### DIRECTIONS:
Keep to one stretch of the data below, the lines from the one with "Experience the best" up to and including the one with "14K 17.44cttw Oval", and return that stretch exactly.

### MATERIAL PROVIDED:
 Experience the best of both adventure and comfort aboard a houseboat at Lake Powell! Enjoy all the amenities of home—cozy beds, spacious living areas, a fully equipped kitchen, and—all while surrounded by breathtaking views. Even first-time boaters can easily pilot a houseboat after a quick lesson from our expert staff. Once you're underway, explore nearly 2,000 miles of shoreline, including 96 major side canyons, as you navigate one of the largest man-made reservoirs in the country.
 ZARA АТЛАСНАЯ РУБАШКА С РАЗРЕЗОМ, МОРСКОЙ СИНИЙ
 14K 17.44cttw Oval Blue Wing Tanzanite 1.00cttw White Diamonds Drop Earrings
--
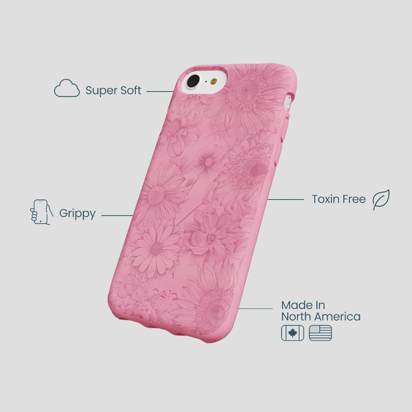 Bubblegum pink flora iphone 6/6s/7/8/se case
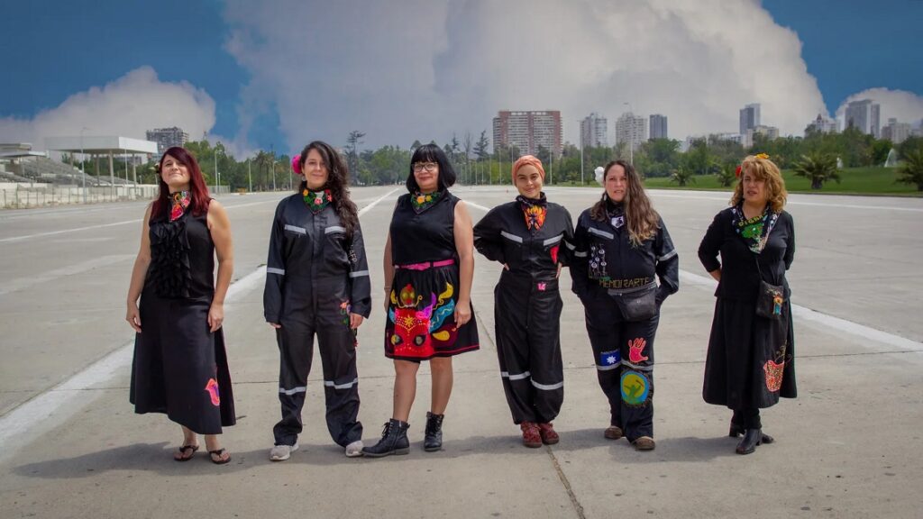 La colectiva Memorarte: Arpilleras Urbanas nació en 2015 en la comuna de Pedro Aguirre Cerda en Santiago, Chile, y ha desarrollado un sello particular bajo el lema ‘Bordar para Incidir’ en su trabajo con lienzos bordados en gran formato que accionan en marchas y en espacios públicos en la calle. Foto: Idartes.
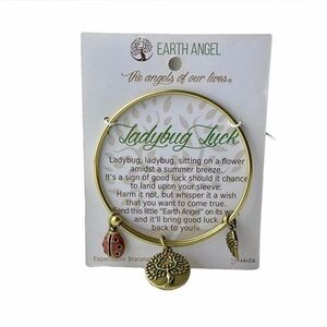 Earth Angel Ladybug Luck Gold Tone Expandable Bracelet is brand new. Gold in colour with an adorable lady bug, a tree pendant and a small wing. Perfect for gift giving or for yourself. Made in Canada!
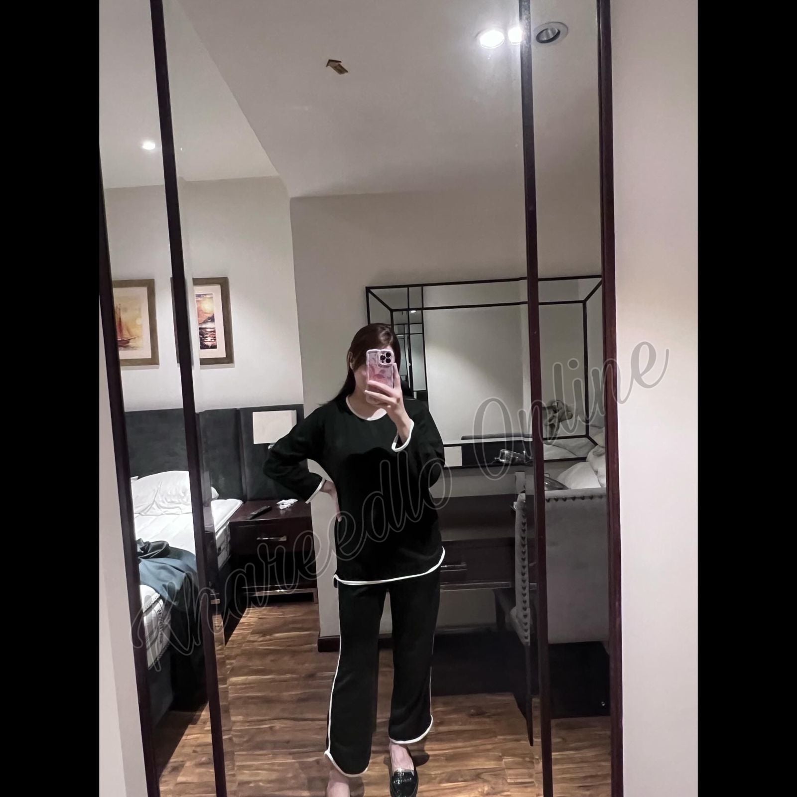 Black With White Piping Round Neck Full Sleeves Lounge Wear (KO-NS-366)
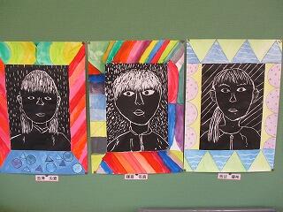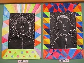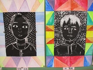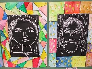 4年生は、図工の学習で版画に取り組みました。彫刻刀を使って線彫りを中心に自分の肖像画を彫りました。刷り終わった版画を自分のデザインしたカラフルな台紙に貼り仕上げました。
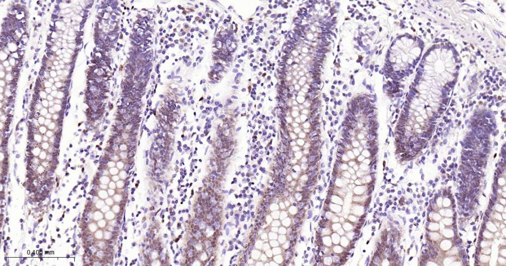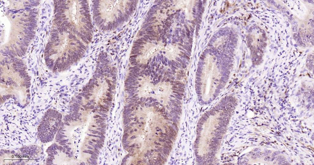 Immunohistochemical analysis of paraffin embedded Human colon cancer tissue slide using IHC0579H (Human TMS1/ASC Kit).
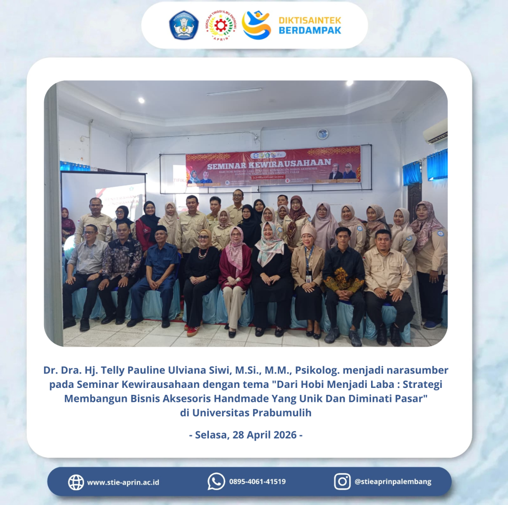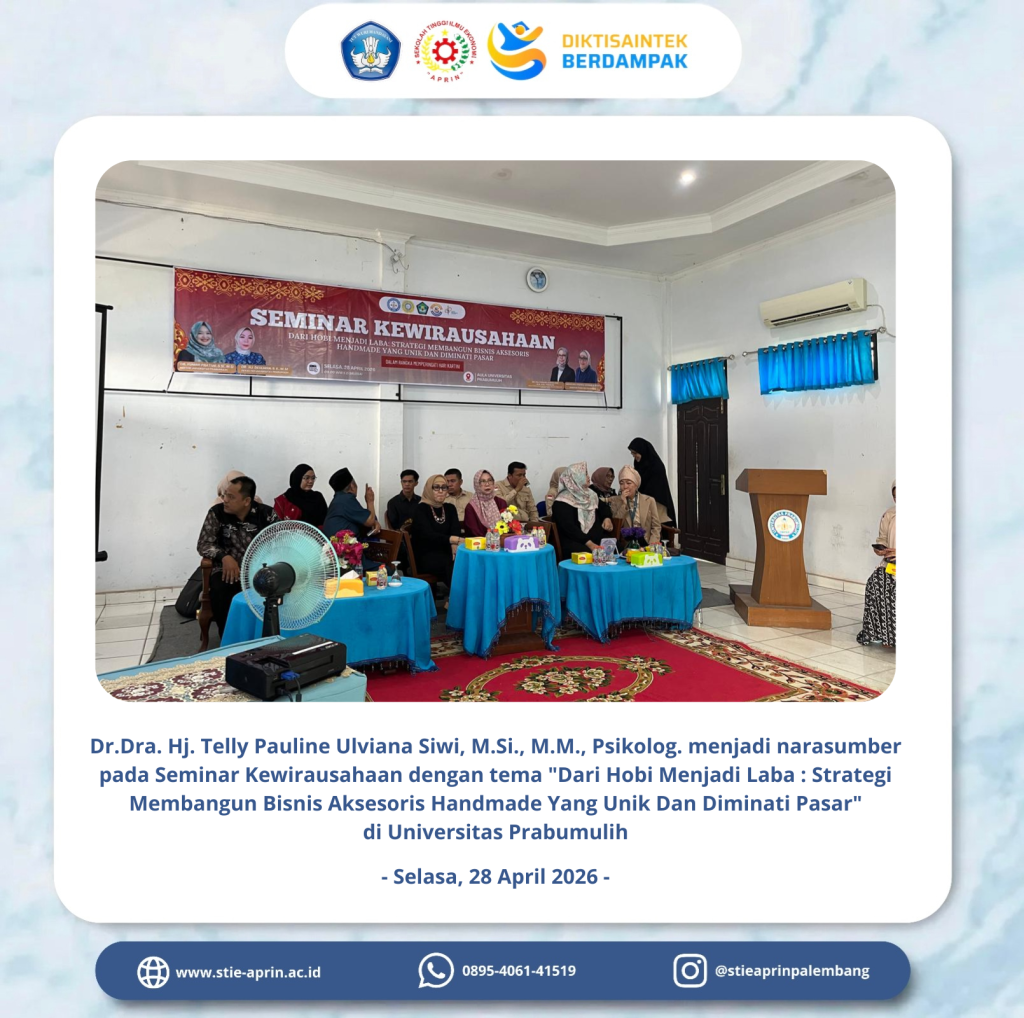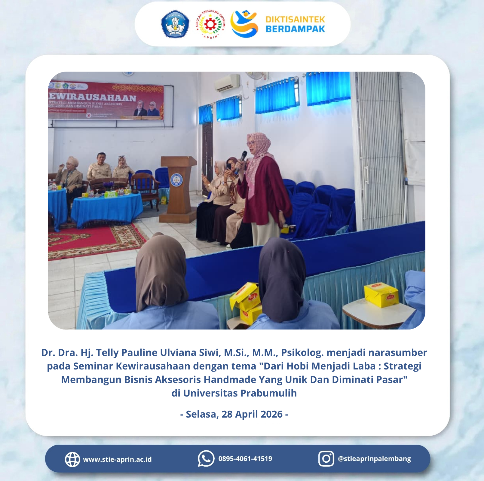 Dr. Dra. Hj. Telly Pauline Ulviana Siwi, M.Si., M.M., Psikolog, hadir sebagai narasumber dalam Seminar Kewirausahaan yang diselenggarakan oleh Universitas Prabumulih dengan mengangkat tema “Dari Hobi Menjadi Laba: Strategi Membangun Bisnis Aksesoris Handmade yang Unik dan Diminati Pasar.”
---
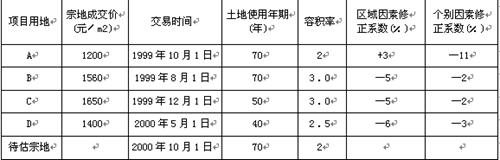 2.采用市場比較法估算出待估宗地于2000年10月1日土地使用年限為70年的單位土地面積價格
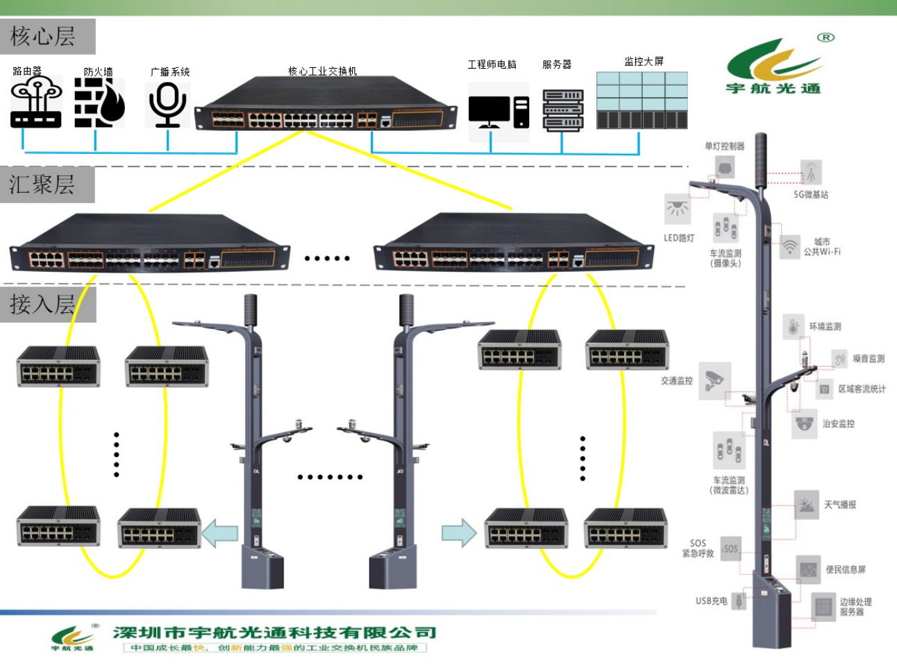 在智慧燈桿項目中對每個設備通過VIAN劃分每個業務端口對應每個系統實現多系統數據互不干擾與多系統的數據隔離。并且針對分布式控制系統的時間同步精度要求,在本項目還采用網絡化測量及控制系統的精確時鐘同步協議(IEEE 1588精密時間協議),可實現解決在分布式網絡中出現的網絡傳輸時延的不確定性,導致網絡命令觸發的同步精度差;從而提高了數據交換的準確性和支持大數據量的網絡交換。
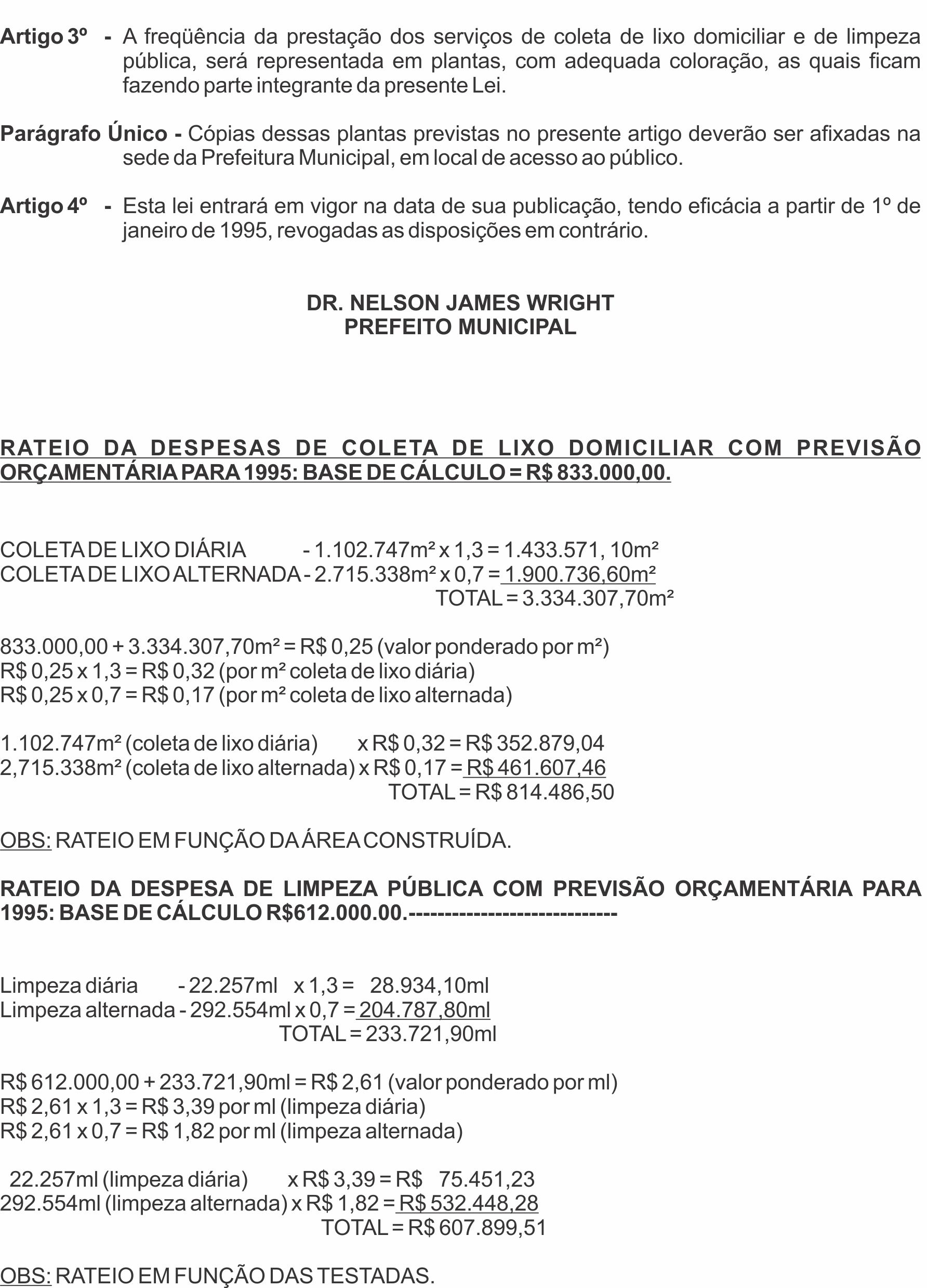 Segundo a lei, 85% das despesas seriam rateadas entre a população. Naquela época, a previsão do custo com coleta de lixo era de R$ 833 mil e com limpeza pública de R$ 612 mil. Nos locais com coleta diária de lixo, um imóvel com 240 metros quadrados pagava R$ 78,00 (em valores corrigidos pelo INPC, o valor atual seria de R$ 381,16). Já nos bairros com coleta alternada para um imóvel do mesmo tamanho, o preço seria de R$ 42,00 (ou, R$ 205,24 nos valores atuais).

### OUTPUT OF THE TASK:
 Experience the best of both adventure and comfort aboard a houseboat at Lake Powell! Enjoy all the amenities of home—cozy beds, spacious living areas, a fully equipped kitchen, and—all while surrounded by breathtaking views. Even first-time boaters can easily pilot a houseboat after a quick lesson from our expert staff. Once you're underway, explore nearly 2,000 miles of shoreline, including 96 major side canyons, as you navigate one of the largest man-made reservoirs in the country.
 ZARA АТЛАСНАЯ РУБАШКА С РАЗРЕЗОМ, МОРСКОЙ СИНИЙ
 14K 17.44cttw Oval Blue Wing Tanzanite 1.00cttw White Diamonds Drop Earrings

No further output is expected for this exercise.